EX-5.1 3 c49835_ex5-1.htm

Exhibit 5.1

        815 Connecticut Avenue, N.W. 
        Suite 500 
        Washington, D.C. 20006-4004 
        (202) 463-2400 
Writer’s direct phone        fax (202) 828-5393 
(202) 828-5360         
        www.seyfarth.com 
Writer’s e-mail         
EStern@seyfarth.com         
 
    August 14, 2007     

Ark Restaurants Corp.
85 Fifth Avenue
New York, NY 10003

Re: Ark Restaurants Corp. Registration Statement on Form S-8

Dear Ladies and Gentlemen:

     We have acted as counsel to Ark Restaurants Corp., a New York corporation (the “Corporation”), in connection with the preparation of the Registration Statement on Form S-8 (the “Registration Statement”) filed by the Corporation with the Securities and Exchange Commission on August 14, 2007 pursuant to the Securities Act of 1933, as amended (the “Securities Act”), relating to the public offering of up to 450,000 shares of the Corporation’s common stock (the “Common Stock”) issuable pursuant to the Corporation’s 2004 Stock Option Plan.

     This opinion is being delivered in accordance with the requirements of Item 601(b)(5) of Regulation S-K under the Securities Act.

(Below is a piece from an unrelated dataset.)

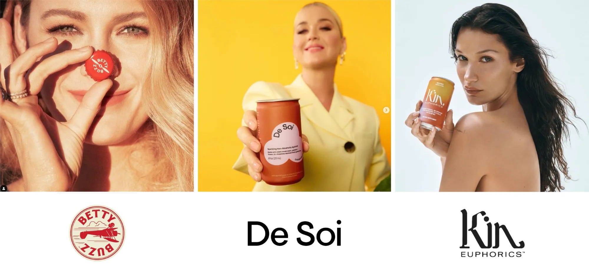 Because NoLo plays into the “life-hack” mantra of “moderation” — where “sobriety” is a hybrid state that advocates occasional quality over quantity binging, alternating strong drinks with softer options and taking alcohol time-outs — it’s little surprise that the sector has been wagon-jumped by wellness-focused celebrity. Witness: Blake Lively’s Betty Buzz sparkling mixers; Katy Perry’s non-alcoholic De Soi aperitifs; Bella Hadid’s “adaptogenic mocktails” Kin Euphoric; Luann de Lesseps’ Fosé rosé; and Budweiser’s first alcohol-free beer, Budweiser Zero, which was developed by Dwyane Wade, inevitably came with its own NFT.
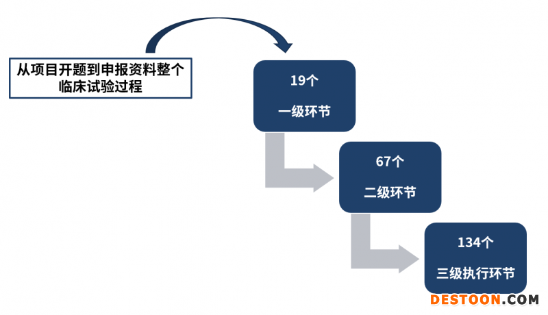 臨床試驗,從開題、合作方篩選、倫理審查、啟動入組等至最后提交注冊申報資料,共分為: 19個一級環(huán)節(jié); 包含67個二級環(huán)節(jié); 各基于風(fēng)險控制角度,共有134個三級執(zhí)行環(huán)節(jié)。

     In connection with our opinion, we have considered such questions of law and have examined such documents as we have deemed necessary to enable us to render the opinions contained herein.

     Based upon the foregoing, we are of the opinion that, when sold by the Corporation and paid for in accordance with the 2004 Stock Option Plan, the shares of Common Stock will be duly and validly issued, fully paid and non-assessable.

     We hereby consent to the filing of this opinion as Exhibit 5.1 to the Registration Statement and to the reference to our firm in the prospectus delivered in connection with in the Registration Statement.